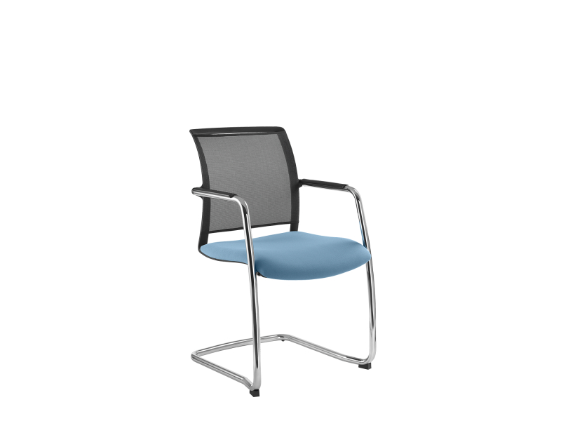 ocelová pérová podnož v povrchové úpravě chrom, konferenční židle, stohovatelná, čalouněný sedák, síťovaný opěrák, područky s plastovým loketníkem, černý nylonový rám, opěrák čalouněný síťovinou NET, za příplatek RAY, plastové kluzáky na koberce se snadno vyměnitelným zakončením
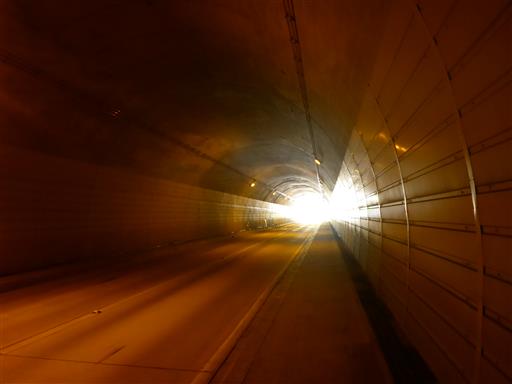 長いトンネルを抜ける。車やバイクが通ると音がかなりうるさい。
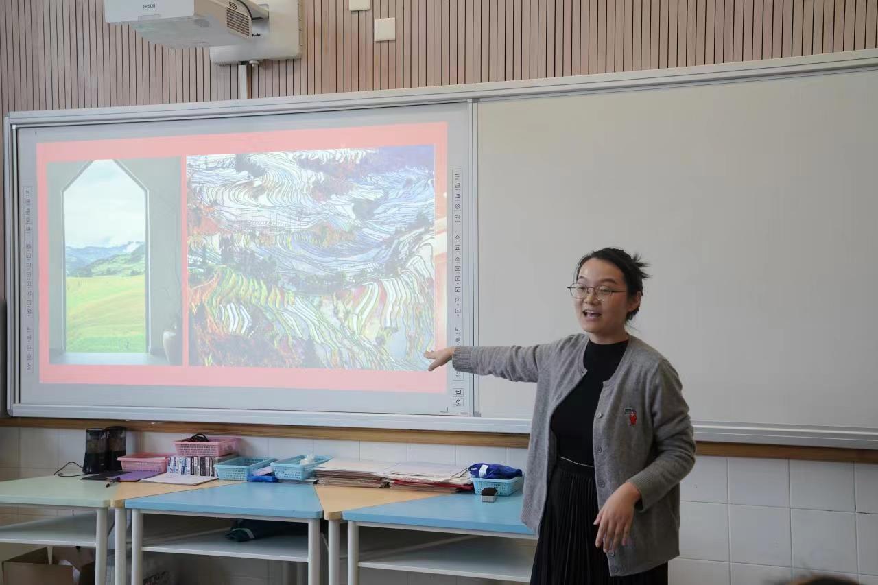 鲍圆洋带领同学们欣赏了大自然不同场景下形态各异的自然肌理。“从艺术家作品中感受艺术家们在‘大自然中去创作’”,鲍圆洋启发同学们,“大自然拥有艺术创作所需要的一切元素,只要你睁大眼睛去观察。”
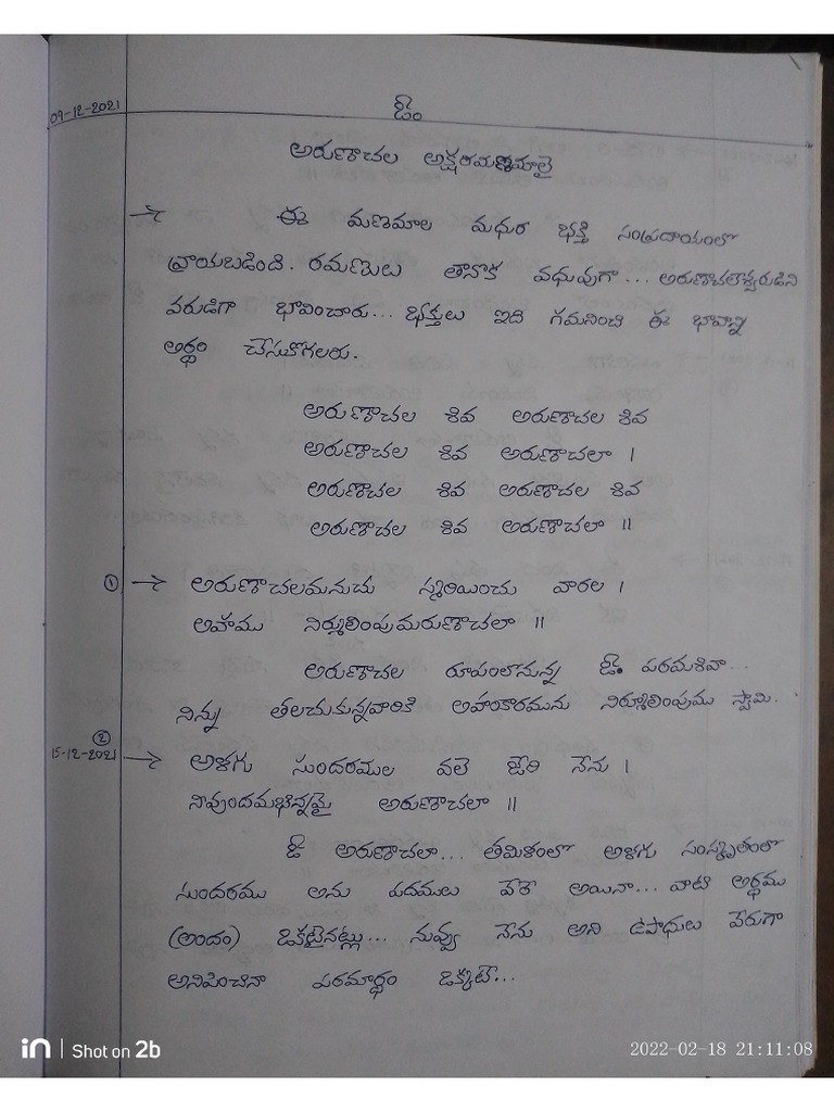 Arunachala Shiva With Telugu Meaning Hand Written Notes PDF
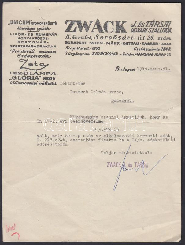 Beschreibung: 1943 Bp., A Zwack J. és Társai Udvari Szállítók fejléces levélpapírjára kiállított jövedelemigazolás

**Requirement**
Retype the whole listing exactly and leave the pictures out.

**Your solution**
 ocelová pérová podnož v povrchové úpravě chrom, konferenční židle, stohovatelná, čalouněný sedák, síťovaný opěrák, područky s plastovým loketníkem, černý nylonový rám, opěrák čalouněný síťovinou NET, za příplatek RAY, plastové kluzáky na koberce se snadno vyměnitelným zakončením
 長いトンネルを抜ける。車やバイクが通ると音がかなりうるさい。
 鲍圆洋带领同学们欣赏了大自然不同场景下形态各异的自然肌理。“从艺术家作品中感受艺术家们在‘大自然中去创作’”,鲍圆洋启发同学们,“大自然拥有艺术创作所需要的一切元素,只要你睁大眼睛去观察。”
 Arunachala Shiva With Telugu Meaning Hand Written Notes PDF
 Beschreibung: 1943 Bp., A Zwack J. és Társai Udvari Szállítók fejléces levélpapírjára kiállított jövedelemigazolás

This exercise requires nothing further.